- Born: David Bernard Todd Jr. March 22, 1931 Jefferson County, Alabama, U.S.
- Died: October 21, 1980 (aged 49) Nashville, Tennessee, U.S.
- Resting place: Greenwood Cemetery
- Education: Morehouse College Meharry Medical College University of Minnesota
- Occupation: Surgeon
- Employer: Meharry Medical College
- Spouse: Loraine LeShore
- Children: 1 son, 3 daughters

= David B. Todd Jr. =

American surgeon (1931–1980)

David Bernard Todd Jr. (March 22, 1931 – October 21, 1980) was an American surgeon. He was a professor of surgery at Meharry Medical College, and the first African-American cardiovascular surgeon in Nashville, Tennessee. He is the namesake of Dr DB Todd Jr. Boulevard in North Nashville.

==Early life==
Todd was born in 1931 in Jefferson County, Alabama. He graduated from Morehouse College, where he earned a bachelor's degree, followed by an MD from Meharry Medical College in 1956. He attended the University of Minnesota, where he earned a PhD in 1966.

==Career==
Todd began his career as an assistant professor of surgery at Meharry Medical College in 1966. He was also the director of the thoracic and cardiovascular divisions at Meharry. He became associate professor of surgery in 1969, and full professor in 1979.

Todd was a physician at Hubbard Hospital on the Meharry campus, now known as Nashville General Hospital. According to The Tennessean, he was the "first black cardiovascular surgeon in Nashville," and he "headed the team that performed the first open heart surgery at Meharry in 1972."

Todd was a fellow of the American College of Chest Physicians, the American Geriatrics Society, and the American College of Surgeons. He served as the chair of the surgical division of the National Medical Association.
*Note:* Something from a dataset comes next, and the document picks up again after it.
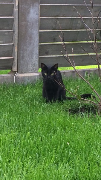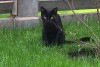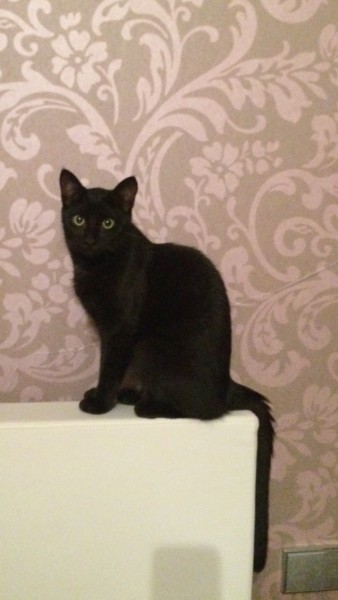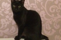 Melna kaķenīte 1 gadu veca. Uz krūtiņām dažas retas baltas spalviņas.

==Personal life, death and legacy==
With his wife, née Loraine LeShore, Todd had a son and three daughters. They resided in Bordeaux, a neighborhood of Nashville.

Todd died on October 21, 1980, at the Riverside Hospital in Nashville, at age 48. His funeral was held at First Baptist Church, Capitol Hill, and he was buried in Greenwood Cemetery. Dr DB Todd Jr. Boulevard, between Charlotte Avenue and Clarksville Pike, was named in his honor in 1982.